Tuesday, April 19, 2016

Truth, Prophecy, and Plague

At a recent family reunion, an esteemed uncle of mine made what I think was an unintentionally devastating comment. (Or, maybe it was just a comment.)  In the context of a conversation about my blog, he remarked that he had never felt that he had anything to say that anybody would be interested in reading. (My uncle, by the way, is a Pulitzer Prize-winning journalist.)

Yes. Sometimes it is a weird burden to have so much to say that maybe nobody wants to read.

I think what my uncle was referring to indirectly was not his own dearth of creativity but the wealth of material outside of ourselves and the chutzpah it takes--the shameless audacity--to write purely out of the factually gray matter of one's head.

Believe me, I am painfully aware of this--that is precisely why I generally prefer to have a glass of wine or two before launching into one of these diatribes.

At least, now, writing is no longer the act of agression that it once was when I was young and made everyone read all the crap that I wrote.

Surprising, isn't it, that for all of the shootings that we hear about, rarely do we hear about an obscure writer actually putting a gun to a resistant reader's head.  Usually, it doesn't have to come to that.

I could usually find someone to read my prose without stooping to physical threats of violence.  But, it could be argued, maybe I did lean on friends and family to an extent that, though not coercive, may have implied the threat of rejection or abandonment.

I will admit this: I actually lost a friend this way. (There were other contributing factors, but I'm sure this didn't help.) When I was half my age, I wrote half as well and had twice as much hubris (a confidence as fragile and ephemeral as a Chinese lantern floating up toward heaven, looking so much like a star, yet doomed, utterly doomed).

This friend saw something in me that really hadn't emerged yet.

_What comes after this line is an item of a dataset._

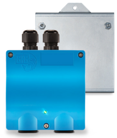
EC22 DS with suitable mounting plate

The electronics of the transmitter takes over the stabilization of the voltage, the transmission of the measured values and the detection of faults already at the measuring point. Thanks to the integrated temperature compensation, the highest measurement accuracy is is guaranteed.

She saw me as a writer--which was such a kindness on her part.

Tragically, I asked her to read something I had written that wasn't very good. I knew it wasn't good. In fact, I suspected it was bad; but wishful thinking ruled the day--not because I was in my early twenties, but because I was me in my early twenties. Some people are astonishingly good writers in their twenties--Edwidge Danticat, for example. But not me.

My friend's disappointment--and the awkwardness of it--was sickeningly palpable. I felt it in my gut. The whole transaction had been perverse, as if I had set out to disprove her faith in me.  I wasn't so stupid that I couldn't have foreseen this result. It was an act of pure self-sabotage.

I would not attempt to write creatively again for many years.

The next thing I did write was a journal during a period of traveling. It didn't seem like hubris to keep a journal when traveling; in fact, it seemed like the responsible thing to do.  All of the young people at the cheap cafes with backpacks at their feet were diligently writing in notebooks, quietly recording their adventures without hope of publication.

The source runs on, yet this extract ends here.